Они действительно были неотесанными. Но не в том смысле, который придавала этим словам мама. Просто они говорили то, что думали, и поступали в соответствии со своими желаниями. Конечно, в ее присутствии они становились неловкими и косноязычными. А что бы вы ответили леди, которая, сидя в коляске, с высокомерным видом расспрашивает вас о том, что вы подавали мужу вчера на обед? Каждому было ясно, что ей нет до этого никакого дела. А больше всего их забавляло то, что, задав по наивности такой же вопрос, например, жене самого удачливого браконьера, она рисковала получить правдивый ответ: «Одного из ваших фазанов, миледи».

Конечно, папа все это понимал. Но есть вещи, которые нельзя объяснить. Мама и Гарри жили в мире слов. Они прочитывали огромные горы книг, присылаемых им из Лондона. Мама писала длинные подробные письма своим сестрам и братьям в Кембридж и Лондон, тетушке в Бристоль. Она исписывала целые страницы сплетнями, болтовней, стихами и даже словами из песен, которые надлежало выучить.

Папа же и я жили в мире, где слова значили очень мало. Когда надвигающаяся буря могла помешать сенокосу, мы оба чувствовали себя как на иголках, и достаточно было одного кивка, чтобы один из нас отправлялся в одну сторону, а другой — в другую, чтобы предупредить людей об опасности. Меня не приходилось учить некоторым вещам, я знала их еще до рождения, потому что я родилась и воспитывалась в Вайдекре.

Что же касается остального мира, то он едва ли занимал наши мысли. Когда мама, держа в руках письмо, появлялась в комнате и, обращаясь к отцу, произносила: «Представь…» — он только кивал и отвечал: «Представляю». Интерес пробуждался в нем, лишь когда речь заходила о ценах на шерсть или пшеницу.

Конечно, мы навещали многие семьи графства.
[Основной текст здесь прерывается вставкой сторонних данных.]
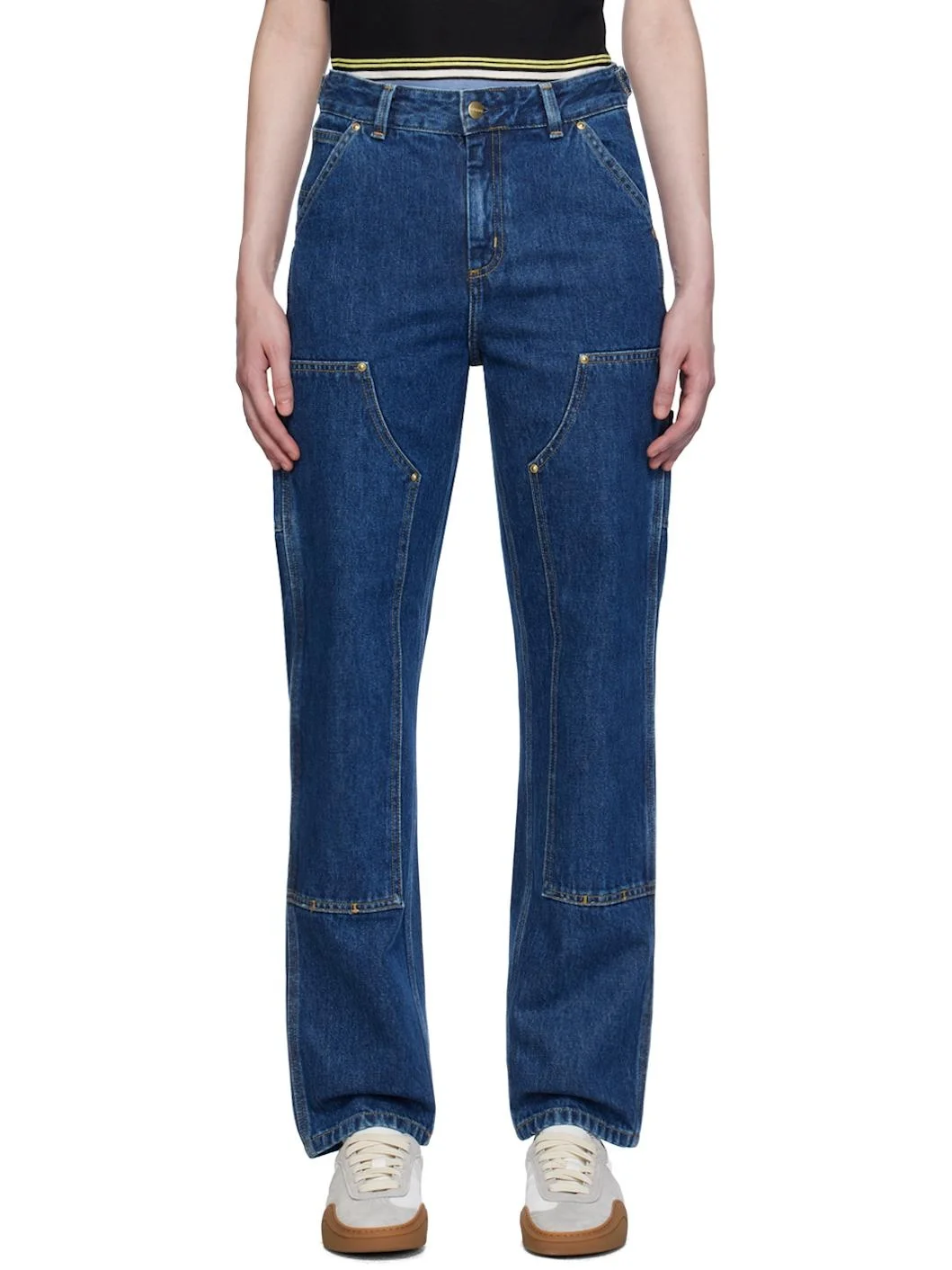 Stone-washed relaxed-fit and straight-leg non-stretch denim jeans. Fading throughout. · Belt loops · Adjustable button tabs at waistband · Five-pocket styling · Zip-fly · Panel at knees · Hammer loop at outseam · Patch pockets at outseams · Logo patch at back pocket · Logo-engraved gold-tone hardware Supplier color: Blue stone washed Body: 100% cotton. Lining: 65% polyester, 35% cotton. Made in Tunisia 242111F069005

Зимой мама с папой посещали балы, а нас с Гарри всегда возили на детские праздники в соседские семьи: к Хаверингам в Хаверинг-холл — это поместье находилось в десяти милях к западу от Вайдекра, — и к де Курси в Чичестер. Но это были лишь эпизоды, корни нашей жизни уходили глубоко в землю Вайдекра, и главные ее события проходили в стенах Вайдекрского парка.

После дня, проведенного в седле или на пахоте, папа ничего так не любил, как выкурить сигару в розовом саду, вечерком, когда в жемчужном небе зажигались звезды, а в воздухе скользили летучие мыши. В это время мама со вздохом отворачивалась от окна и садилась писать длинные письма в Лондон. Даже мои детские глаза видели, что она глубоко несчастна. Но власть сквайра и его земли крепко держала ее.

То, что она тяготилась одиночеством, проявлялось лишь в ее пространных письмах, а также в ее разногласиях с отцом, которые не приносили ни побед, ни поражений, а просто выливались в постоянное недовольство.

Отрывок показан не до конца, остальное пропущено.